By the way, I agree with you on the absurdity of the so-called animation "tests" that you guys are asked to do in the slim hopes of getting hired. I'm even convinced that in some cases the tests are actually small bits of production work that are getting done for free by unwitting animators. I can't say whether that's a fact, but I've heard rumours to that effect from friends in the business. Regardless, I think it's terrible the way animators are exploited and seldom end up with a job after completing one of these "tests".

JPilot said...

Pete Emslie:

I actually got in studios with animation tests I had done on the premises. And these animation tests were mandatory for relative newcomers unless you knew someone inside with influence (ah,nepotism!)
But the "send the test over by mail" routine sent by an unseen and unmet employer was, and still is, a soft brush off. They don't want to hire you when this happens, as opposed to getting someone to do a scene for free that will end up in the project. Everyone usually gets sent the same test.

I think that what you refer to as the Golden Age studio system of decades past can be said of many industries.
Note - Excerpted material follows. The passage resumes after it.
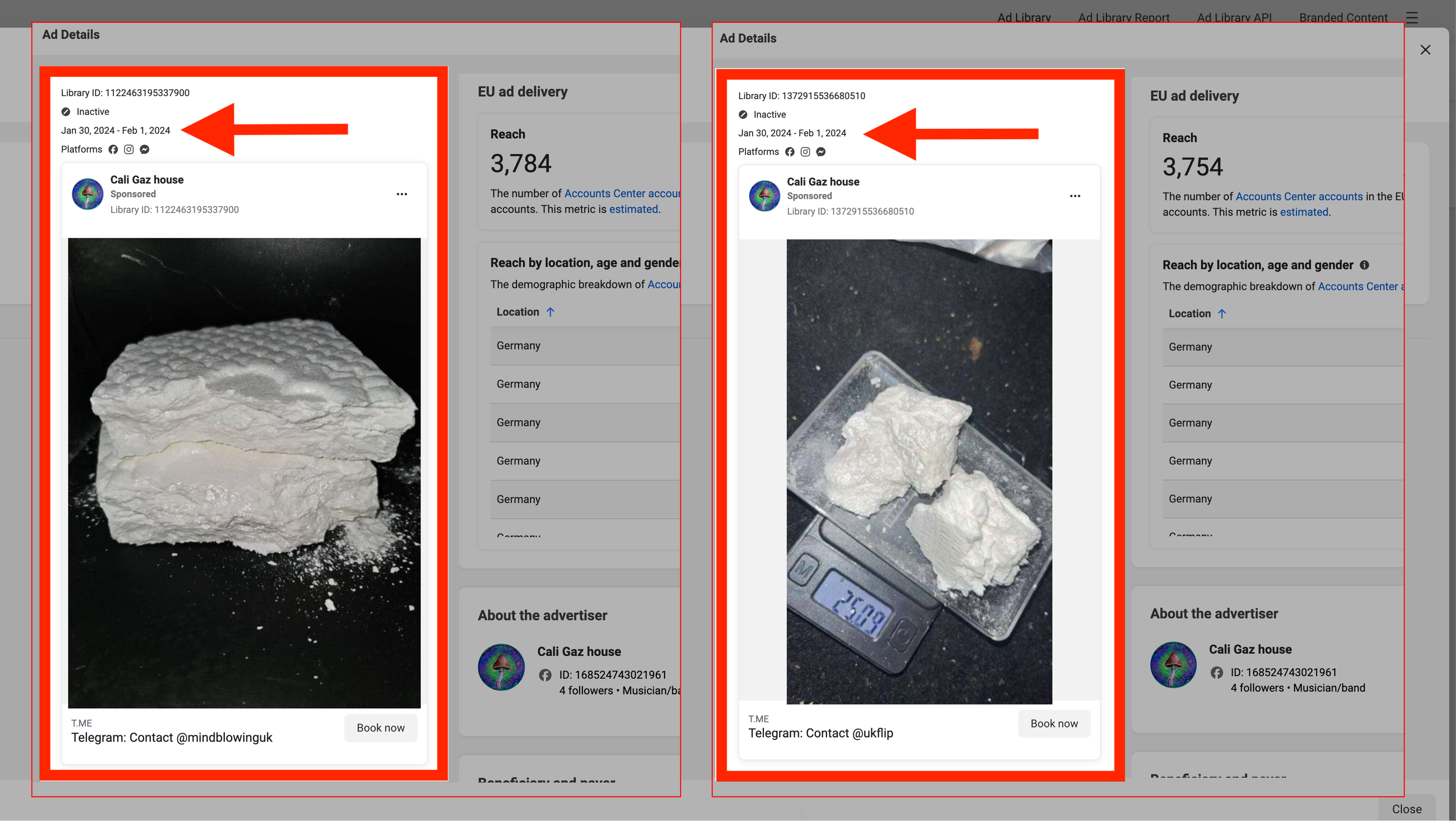 That same day, Meta ran two ads on Facebook, Instagram, and Messenger for chunks of a white powdery substance that appeared to be cocaine. The ads directed users to contact the dealer via Telegram accounts, including one called “Trippy house uk 🇬🇧 base 💊." The Facebook page behind the ads, “Cali Gaz House,” is filled with images of drugs and had a cover photo at one point that read, “Order Pay Receive.”

It's how corporate culture has evolved across the board. If you want a steady job for years in one place nowadays, you have to become an accountant.

Anonymous said...

Great article, Mark and as one of your former students and someone that almost had the knee jerk reaction to participate in this "venture" of a sham, live music, I must say you articulate very well the slippery slope that this short film has ramped up. In my personal opinion, hoodwinked started alot of this mess (well, not directly but it certainly opened the floodgates) to cheap labour and maximum profit. Lets be real now; it is all about the profit. And why keep as many animators as a studio can when you can pay one or two leads and farm out the rest of the work for 500 bucks a shot? Most people would love to work on something featured on the big screen and be damned the cost. With the schools turining out record numbers of animators, there will always be good to decent ones to pick from every year and when they get too good and want a raise; go with the cheaper and younger. Much like baseball, I suppose. It is much the way some of Chris Landreth's movies were made too with the NFB. With movies like hoodwinked and transformers 2 even (both critically lambasted but commercially successful) becoming a studio trend to bank on and the people not demanding quality, just quantitiy, and everyone and their mother making a CG animated film (go to future shop or loblaws and look at how many no-name knock off cg movies there are) is it that long before all the good animated movies dry up (if they havent already?)??

P.s. Isnt one of the guys throwing this thing together the same guy affiliated with the ani-boom/ fox make a holiday special contest? Anyone not see where this is going??

Anonymous said...

Sorry to clog up the comment section but I found one more article that I think articulates a great point as to the ethical view of this whole mass animation thing.

http://motionographer.com/2009/07/19/mass-animationmass-exploitation/

And why didn't they farm out the lighting, rendering, texturing and modelling? I quote the immortal jeff goldblum from Jurrasic park " Your too busy wondering if you could, you never stopped to think if you should".......

Anonymous said...

This is nothing more than sweatshop work for appallingly low fees and appears to violate several labour laws. Of course who can enforce them when they're done on the Web?